Romo Dijat konon menunjuk Soedjono Hoemardhan sebagai kepala proyek pembangunan Jambe 7 sekaligus penghubungnya dengan Soeharto. Dari sini dapat dipahami mengapa Sudjono yang berpangkat mayor jenderal dan jabatan asisten pribadi Presiden Soeharto bidang ekonomi dan perdagangan, lebih dikenal sebagai sebagai dukun Istana.            

Setelah beberapa kali melakukan ritual, Soeharto mendapat wisik khusus dari pusaka Kembang Wijayakusuma yang dimaknai sebagai restu danyang Jawa atas kepemimpinannya dan sejak itu pula pengaruh kepemimpinan Soekarno di hati masyarakat mulai pudar meski oleh sebagian lainnya tetap diagungkan. 

Sampai saat ini Jambe 7 masih menjadi jujugan para pengalab berkah yang mengharap kenaikan pangkat atau derajat.
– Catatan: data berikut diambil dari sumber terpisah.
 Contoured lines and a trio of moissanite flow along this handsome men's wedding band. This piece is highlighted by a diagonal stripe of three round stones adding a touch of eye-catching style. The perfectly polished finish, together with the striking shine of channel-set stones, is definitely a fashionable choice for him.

Namun hanya orang tertentu saja yang bisa melakukan ritual di petilasan Eyang Lengkung Kusuma. Tempat ini khusus untuk calon pemimpin terpilih yang akan digembleng secara spiritual sebelum menerima wahyu kepemimpinan. 

Jambe 7 juga tertutup untuk umum, tidak seperti Jambe 5 yang bebas dimasuki terutama bagi mereka yang ingin ritual ibadah.
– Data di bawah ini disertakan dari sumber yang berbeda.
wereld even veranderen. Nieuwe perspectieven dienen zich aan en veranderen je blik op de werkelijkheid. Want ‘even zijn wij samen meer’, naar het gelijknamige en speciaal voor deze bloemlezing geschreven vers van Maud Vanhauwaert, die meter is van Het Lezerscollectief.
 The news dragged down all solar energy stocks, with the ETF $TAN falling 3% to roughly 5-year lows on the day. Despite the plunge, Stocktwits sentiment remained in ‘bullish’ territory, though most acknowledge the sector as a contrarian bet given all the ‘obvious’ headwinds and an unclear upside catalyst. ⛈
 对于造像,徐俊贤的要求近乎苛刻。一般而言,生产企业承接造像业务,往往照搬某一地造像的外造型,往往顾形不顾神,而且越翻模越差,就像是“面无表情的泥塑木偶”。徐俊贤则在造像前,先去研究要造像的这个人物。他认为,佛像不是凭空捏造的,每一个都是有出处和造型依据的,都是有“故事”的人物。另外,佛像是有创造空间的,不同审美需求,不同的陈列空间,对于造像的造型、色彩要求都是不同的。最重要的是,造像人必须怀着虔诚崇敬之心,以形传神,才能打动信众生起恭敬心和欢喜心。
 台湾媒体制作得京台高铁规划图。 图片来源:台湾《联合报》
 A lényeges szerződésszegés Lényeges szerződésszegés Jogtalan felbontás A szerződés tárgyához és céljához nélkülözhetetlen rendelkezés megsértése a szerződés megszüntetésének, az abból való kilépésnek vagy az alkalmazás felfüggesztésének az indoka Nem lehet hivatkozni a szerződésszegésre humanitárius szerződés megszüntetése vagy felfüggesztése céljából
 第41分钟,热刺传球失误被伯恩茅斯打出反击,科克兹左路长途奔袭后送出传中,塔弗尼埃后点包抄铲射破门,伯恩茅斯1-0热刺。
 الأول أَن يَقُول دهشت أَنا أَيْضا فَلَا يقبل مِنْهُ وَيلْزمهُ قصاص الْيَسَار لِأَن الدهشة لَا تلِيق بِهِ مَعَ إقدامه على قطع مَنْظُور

Tim Risalah Misteri pernah berkunjung beberapa kali baik ke Jambe 7 maupun Jambe 5. Dari beberapa pertanda dan juga perbincangan dengan seseorang yang tidak bisa disebutkan namanya, muncul gambaran sosok yang akan menjadi pemimpin setelah Presiden Jokowi.

Ada pun ciri-cirinya sebagia berikut:

Laki-laki, berusia cukup matang, kuat secara spiritual, memiliki ketenangan dalam berpikir dan bertindak, memiliki pengalaman pemerintahan yang mumpuni dan memiliki trah atau silsilah kepemimpinan yang jelas.

Siapakah sosok itu? Jika didasarkan pada nama-nama yang sering muncul di media maka Gubernur Jawa Tengah Ganjar Pranowo, Gubernur Jawa Barat Ridwan Kamil serta Gubernur DKI Jakarta Anies Baswedan masuk kriteria tersebut.

Namun  tidak tertutup kemungkinan, munculnya sosok lain yang selama ini belum disebut oleh media. Hanya saja jika didasarkan pada kriteria tersebut maka calon dengan usia muda dan perempuan, tidak termasuk.

Namun ini hanya wisik sehingga realitasnya kelak mungkin saja berbeda.